Choreographing couch and collimator in volumetric modulated arc therapy.
Academic Article
Overview
abstract
PURPOSE: To design and optimize trajectory-based, noncoplanar subarcs for volumetric modulated arc therapy (VMAT) deliverable on both Varian TrueBEAM system and traditional accelerators; and to investigate their potential advantages for treating central nervous system (CNS) tumors. METHODS AND MATERIALS: To guide the computerized selection of beam trajectories consisting of simultaneous couch, gantry, and collimator motion, a score function was implemented to estimate the geometric overlap between targets and organs at risk for each couch/gantry angle combination. An initial set of beam orientations is obtained as a function of couch and gantry angle, according to a minimum search of the score function excluding zones of collision. This set is grouped into multiple continuous and extended subarcs subject to mechanical limitations using a hierarchical clustering algorithm.
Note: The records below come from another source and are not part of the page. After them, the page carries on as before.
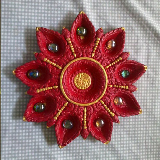 This Diwali we offer a wide range of diyas/thalis and other decorative stuff that would spark the ray of hope and celebration. This Pooja Thali is made of Clay. Avail in Red and Gold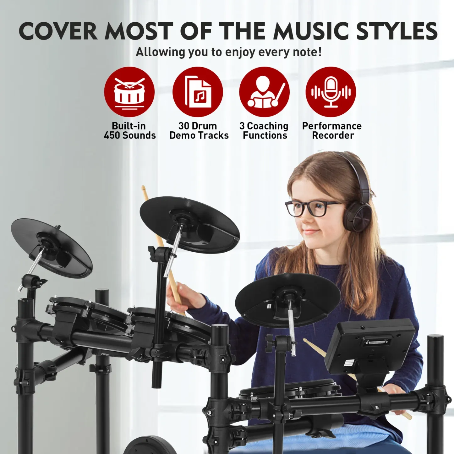 【Múltiples tonos para elegir】: 30 juegos de kit de batería y un juego de kit de batería personalizado, 9 ritmos, 450 tonos, viene con 30 canciones de demostración, cubre la mayoría de los estilos de música, lo ayudan a aprender mejor.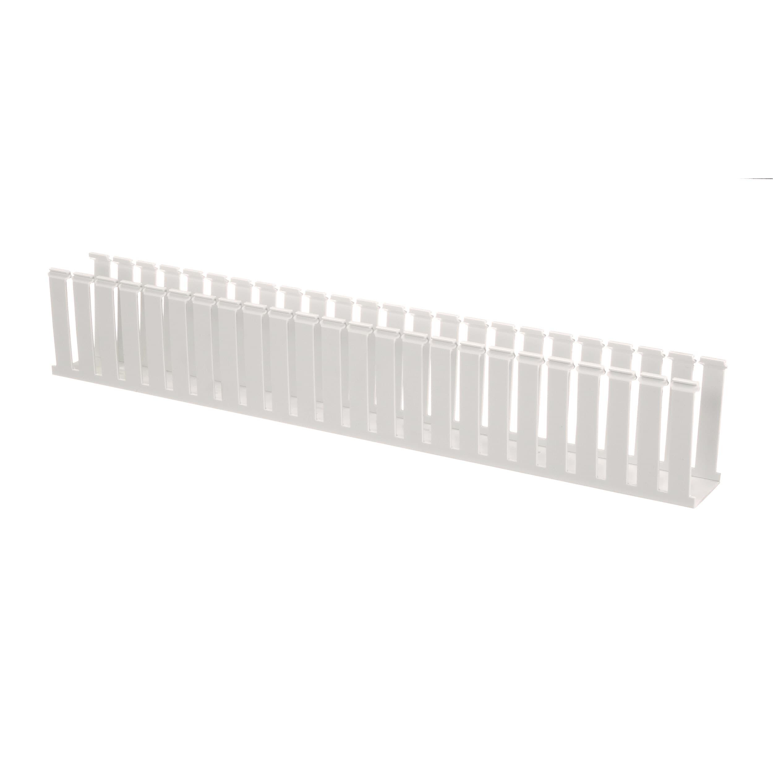 The G2X4WH6 Panduct Lead-Free PVC Wide Slot Wiring Duct feature a wide slot/finger design that provides greater sidewall rigidity and is suitable with a range of wire bundle sizes. UL 94 flame class of V-0 with a UL recognized continuous-use temperature up to 122°F (50°C). Mounting holes provided. Lead-free PVC. 4.1'' x 2.25'' (104.1 mm x 57.2 mm) and 6' (1.8 m) long. Cover sold separately. Color White. 6 per package.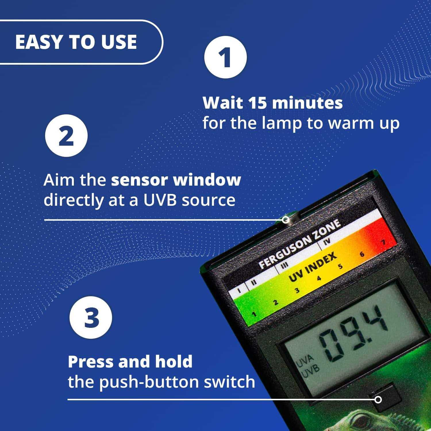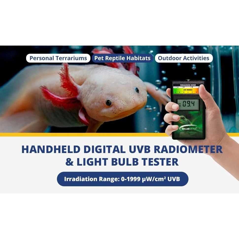 Monitor your cold-blooded pal’s UV needs with Solarmeter Model 6.5R UV Index Meter Reptile Accessory! Made in the USA, this handheld radiometer has a compact, durable design that makes it easy to use for years to come. It can accurately detect erythemal weighted UV from 280-400 nanometers, so you can quickly and easily check that your scaly friend is getting the correct levels of light he needs to stay happy and healthy. With a single-button operation, this device is ideal for routine UV maintenance or for initial reptile habitat setups. This is also great for use with aquatic turtles, terrestrial turtles, tortoises, lizards, and snakes.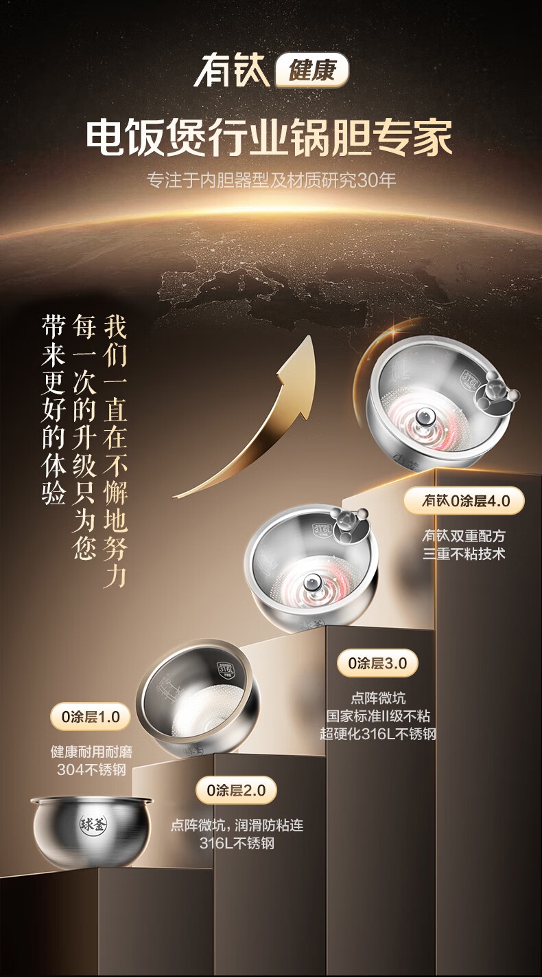 0涂层4L无涂层电饭锅家用不锈钢球釜多功能智能预约3-5-8人SF40HC0808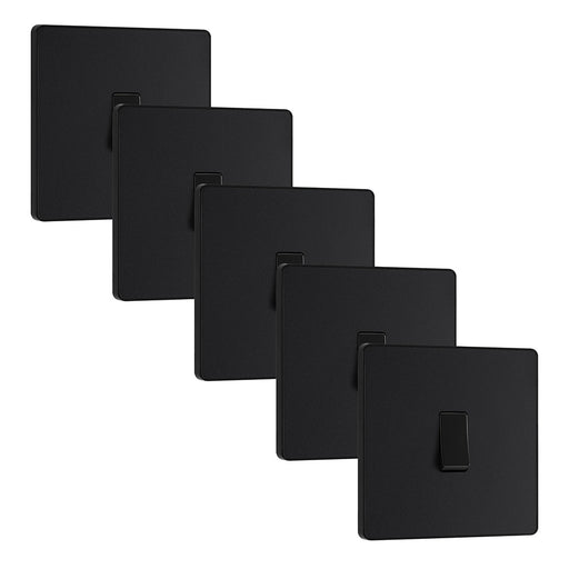 BG FFB12x5 Flatplate Screwless 20A 16AX 2 Way Single Light Switch - Matt Black (5 Pack)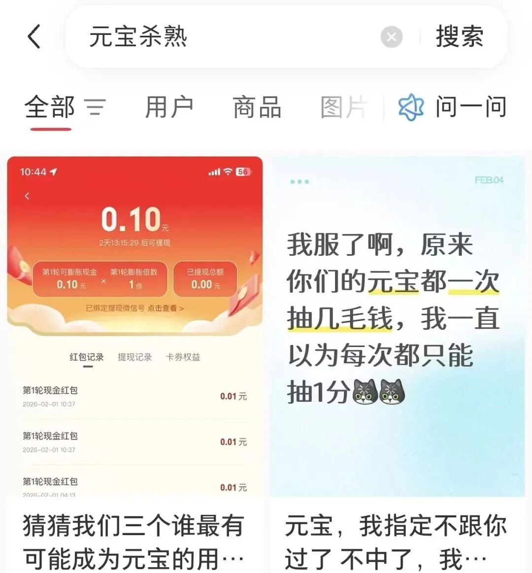 2月2日,就有用户发现元宝的红包越抽越小,拿到的金额从几元降到几毛,甚至几分。元宝的官方评论区也满是吐槽,“打发乞丐也没这样”。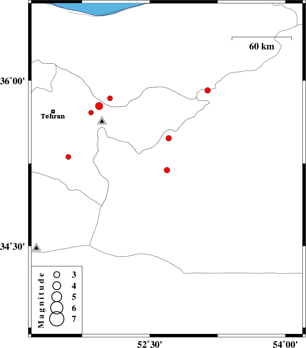 | 2012/07/02 | 04:55:40.2 | 09:25:40.2 | 35.71 | 51.85 | 7 | ML:2.4 | Tehran Province, 20 km West of Damavand | ||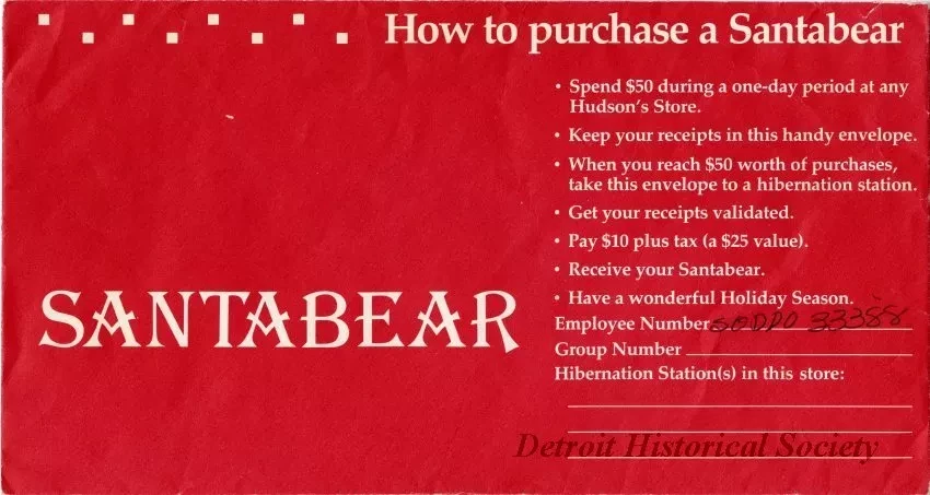 Envelope for saving receipts from Hudson's to be redeemed for a Santabear. The envelope is red with the instructions for obtaining a Santabear from the store's Hibernation Station printed in white. A blank for "Employee Number," has been filled in with "SODDO 33388." A note is handwritten in red pen on the inside of the envelope's flap, "2-19-86, Terri & I squared away last yrs $ and this years money."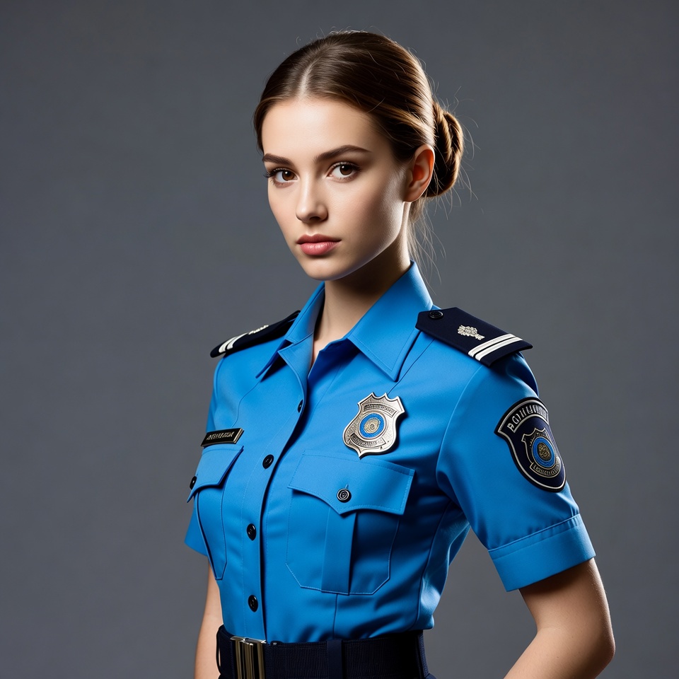 A young woman with brown hair in a bun wears a fitted blue police uniform shirt with badges and epaulets. She stands confidently against a gray background, gazing directly at the viewer. Her uniform features a shiny badge and patches on the sleeves.

After determination of couch/gantry trajectories, a principal component analysis finds the collimator angle at each beam orientation that minimizes residual target-organ at risk overlaps. An in-house VMAT optimization algorithm determines the optimal multileaf collimator position and monitor units for control points within each subarc. A retrospective study of 10 CNS patients compares the proposed method of VMAT trajectory with dynamic gantry, leaves, couch, and collimator motion (Tra-VMAT); a standard noncoplanar VMAT with no couch/collimator motion within subarcs (Std-VMAT); and noncoplanar intensity-modulated radiotherapy (IMRT) plans that were clinically used. RESULTS: Tra-VMAT provided improved target dose conformality and lowered maximum dose to brainstem, optic nerves, and chiasm by 7.7%, 1.1%, 2.3%, and 1.7%, respectively, compared with Std-VMAT. Tra-VMAT provided higher planning target volume minimum dose and reduced maximum dose to chiasm, optic nerves, and cochlea by 6.2%, 1.3%, 6.3%, and 8.4%, respectively, and reduced cochlea mean dose by 8.7%, compared with IMRT. Tra-VMAT averaged beam-on time was comparable to Std-VMAT but significantly (45%) less than IMRT. CONCLUSION: Optimized couch, gantry, and collimator trajectories may be integrated into VMAT with improved mechanical flexibility and may provide better dosimetric properties and improved efficiency in the treatment of CNS tumors.